> _Description of the task_
Your task is to give the data again, exactly, with every line intact.

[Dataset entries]
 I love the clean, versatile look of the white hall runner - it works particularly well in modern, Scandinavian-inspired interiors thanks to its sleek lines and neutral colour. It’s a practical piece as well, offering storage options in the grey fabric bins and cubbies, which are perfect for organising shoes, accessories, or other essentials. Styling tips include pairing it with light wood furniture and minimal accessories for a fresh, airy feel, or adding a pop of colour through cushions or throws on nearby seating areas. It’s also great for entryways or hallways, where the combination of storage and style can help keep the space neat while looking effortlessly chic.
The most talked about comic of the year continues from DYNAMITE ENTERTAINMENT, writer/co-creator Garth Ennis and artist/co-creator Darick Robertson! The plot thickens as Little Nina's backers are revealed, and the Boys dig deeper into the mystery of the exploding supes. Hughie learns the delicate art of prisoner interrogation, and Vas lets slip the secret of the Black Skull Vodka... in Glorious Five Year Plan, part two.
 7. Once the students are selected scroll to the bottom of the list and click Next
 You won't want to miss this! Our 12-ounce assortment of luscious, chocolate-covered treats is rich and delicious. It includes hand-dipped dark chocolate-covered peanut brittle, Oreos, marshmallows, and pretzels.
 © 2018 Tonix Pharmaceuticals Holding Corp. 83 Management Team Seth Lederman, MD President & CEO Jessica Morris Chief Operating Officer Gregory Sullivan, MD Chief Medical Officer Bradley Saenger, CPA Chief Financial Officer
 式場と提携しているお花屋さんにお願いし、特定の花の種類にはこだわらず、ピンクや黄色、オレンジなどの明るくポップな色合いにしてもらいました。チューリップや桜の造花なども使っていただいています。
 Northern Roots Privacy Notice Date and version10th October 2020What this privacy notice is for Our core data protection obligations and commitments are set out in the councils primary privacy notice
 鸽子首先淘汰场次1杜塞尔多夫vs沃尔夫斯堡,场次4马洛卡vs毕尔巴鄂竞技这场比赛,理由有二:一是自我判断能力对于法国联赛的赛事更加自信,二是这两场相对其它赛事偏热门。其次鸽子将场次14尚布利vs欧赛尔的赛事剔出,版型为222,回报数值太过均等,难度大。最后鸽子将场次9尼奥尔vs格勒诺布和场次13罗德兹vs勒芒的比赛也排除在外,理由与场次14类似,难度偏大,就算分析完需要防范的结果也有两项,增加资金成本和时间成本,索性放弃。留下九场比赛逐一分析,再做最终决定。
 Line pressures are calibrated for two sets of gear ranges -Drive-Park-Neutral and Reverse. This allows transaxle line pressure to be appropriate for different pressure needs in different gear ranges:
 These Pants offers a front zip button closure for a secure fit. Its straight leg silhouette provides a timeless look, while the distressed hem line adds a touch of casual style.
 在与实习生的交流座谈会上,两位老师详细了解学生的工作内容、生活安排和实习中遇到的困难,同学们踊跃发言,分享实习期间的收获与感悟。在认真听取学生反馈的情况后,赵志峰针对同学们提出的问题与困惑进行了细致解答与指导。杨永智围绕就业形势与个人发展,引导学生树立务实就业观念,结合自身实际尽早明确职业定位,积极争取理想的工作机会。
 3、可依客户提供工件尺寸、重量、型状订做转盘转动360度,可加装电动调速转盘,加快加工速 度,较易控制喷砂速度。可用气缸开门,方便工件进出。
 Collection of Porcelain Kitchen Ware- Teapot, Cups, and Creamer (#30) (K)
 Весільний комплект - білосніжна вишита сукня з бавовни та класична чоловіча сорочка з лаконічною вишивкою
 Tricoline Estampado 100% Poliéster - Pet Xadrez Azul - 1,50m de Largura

> _Exercise answer_
 I love the clean, versatile look of the white hall runner - it works particularly well in modern, Scandinavian-inspired interiors thanks to its sleek lines and neutral colour. It’s a practical piece as well, offering storage options in the grey fabric bins and cubbies, which are perfect for organising shoes, accessories, or other essentials. Styling tips include pairing it with light wood furniture and minimal accessories for a fresh, airy feel, or adding a pop of colour through cushions or throws on nearby seating areas. It’s also great for entryways or hallways, where the combination of storage and style can help keep the space neat while looking effortlessly chic.
The most talked about comic of the year continues from DYNAMITE ENTERTAINMENT, writer/co-creator Garth Ennis and artist/co-creator Darick Robertson! The plot thickens as Little Nina's backers are revealed, and the Boys dig deeper into the mystery of the exploding supes. Hughie learns the delicate art of prisoner interrogation, and Vas lets slip the secret of the Black Skull Vodka... in Glorious Five Year Plan, part two.
 7. Once the students are selected scroll to the bottom of the list and click Next
 You won't want to miss this! Our 12-ounce assortment of luscious, chocolate-covered treats is rich and delicious. It includes hand-dipped dark chocolate-covered peanut brittle, Oreos, marshmallows, and pretzels.
 © 2018 Tonix Pharmaceuticals Holding Corp. 83 Management Team Seth Lederman, MD President & CEO Jessica Morris Chief Operating Officer Gregory Sullivan, MD Chief Medical Officer Bradley Saenger, CPA Chief Financial Officer
 式場と提携しているお花屋さんにお願いし、特定の花の種類にはこだわらず、ピンクや黄色、オレンジなどの明るくポップな色合いにしてもらいました。チューリップや桜の造花なども使っていただいています。
 Northern Roots Privacy Notice Date and version10th October 2020What this privacy notice is for Our core data protection obligations and commitments are set out in the councils primary privacy notice
 鸽子首先淘汰场次1杜塞尔多夫vs沃尔夫斯堡,场次4马洛卡vs毕尔巴鄂竞技这场比赛,理由有二:一是自我判断能力对于法国联赛的赛事更加自信,二是这两场相对其它赛事偏热门。其次鸽子将场次14尚布利vs欧赛尔的赛事剔出,版型为222,回报数值太过均等,难度大。最后鸽子将场次9尼奥尔vs格勒诺布和场次13罗德兹vs勒芒的比赛也排除在外,理由与场次14类似,难度偏大,就算分析完需要防范的结果也有两项,增加资金成本和时间成本,索性放弃。留下九场比赛逐一分析,再做最终决定。
 Line pressures are calibrated for two sets of gear ranges -Drive-Park-Neutral and Reverse. This allows transaxle line pressure to be appropriate for different pressure needs in different gear ranges:
 These Pants offers a front zip button closure for a secure fit. Its straight leg silhouette provides a timeless look, while the distressed hem line adds a touch of casual style.
 在与实习生的交流座谈会上,两位老师详细了解学生的工作内容、生活安排和实习中遇到的困难,同学们踊跃发言,分享实习期间的收获与感悟。在认真听取学生反馈的情况后,赵志峰针对同学们提出的问题与困惑进行了细致解答与指导。杨永智围绕就业形势与个人发展,引导学生树立务实就业观念,结合自身实际尽早明确职业定位,积极争取理想的工作机会。
 3、可依客户提供工件尺寸、重量、型状订做转盘转动360度,可加装电动调速转盘,加快加工速 度,较易控制喷砂速度。可用气缸开门,方便工件进出。
 Collection of Porcelain Kitchen Ware- Teapot, Cups, and Creamer (#30) (K)
 Весільний комплект - білосніжна вишита сукня з бавовни та класична чоловіча сорочка з лаконічною вишивкою
 Tricoline Estampado 100% Poliéster - Pet Xadrez Azul - 1,50m de Largura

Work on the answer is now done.